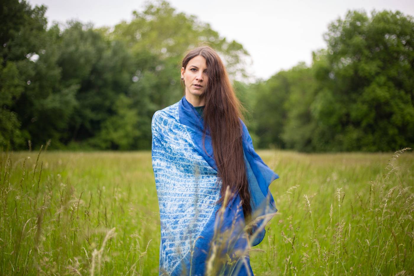 Vidámabb pillanataimban szeretek az élénk, vibráló színekkel dolgozni. Az indigókék akkor kerül leginkább a textilre, mikor áthat a méltóságteljesség és nagyon rendben vagyok. Imádom ezt a színalkímiai folyamatot, ami egyben a lelkem, érzelmeim megtisztulását és felemelését is magában rejti.
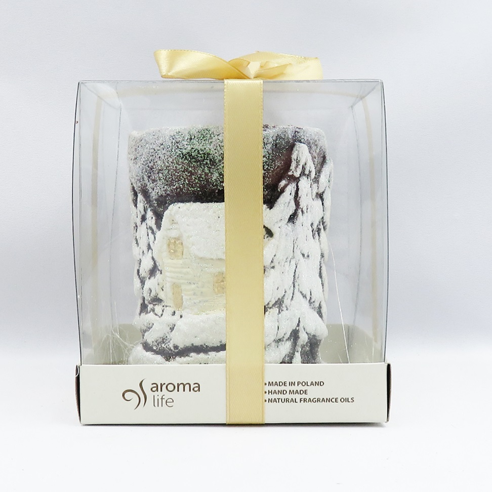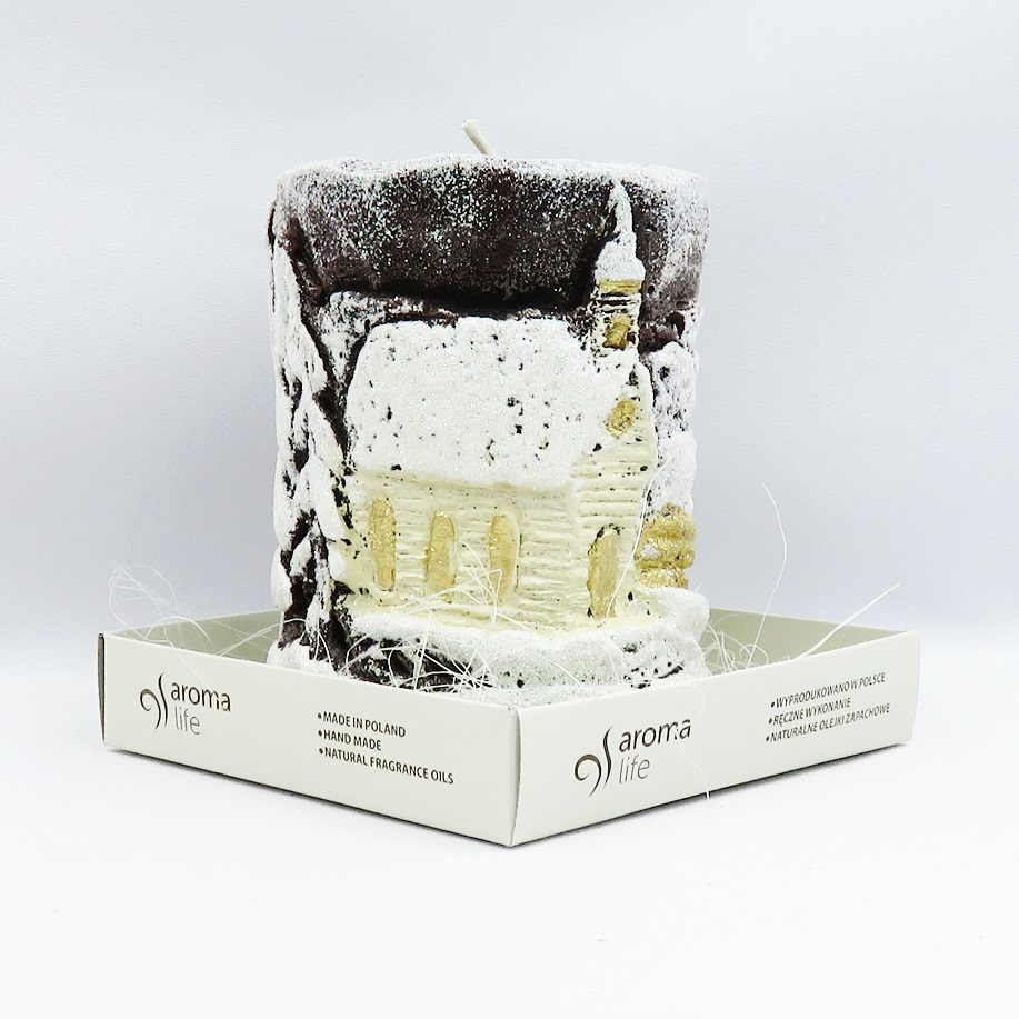 Wyjątkowa świeca Bożonarodzeniowa z zimowym krajobrazem.
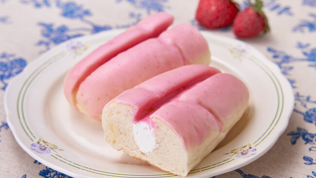ロールパンにホイップクリームをサンドし、甘酸っぱい苺チョコをコーティングしました。

> Goal of the exercise:
Everything in the material above must be repeated exactly, apart from its pictures.

> Result for this exercise:
 Vidámabb pillanataimban szeretek az élénk, vibráló színekkel dolgozni. Az indigókék akkor kerül leginkább a textilre, mikor áthat a méltóságteljesség és nagyon rendben vagyok. Imádom ezt a színalkímiai folyamatot, ami egyben a lelkem, érzelmeim megtisztulását és felemelését is magában rejti.
 Wyjątkowa świeca Bożonarodzeniowa z zimowym krajobrazem.
ロールパンにホイップクリームをサンドし、甘酸っぱい苺チョコをコーティングしました。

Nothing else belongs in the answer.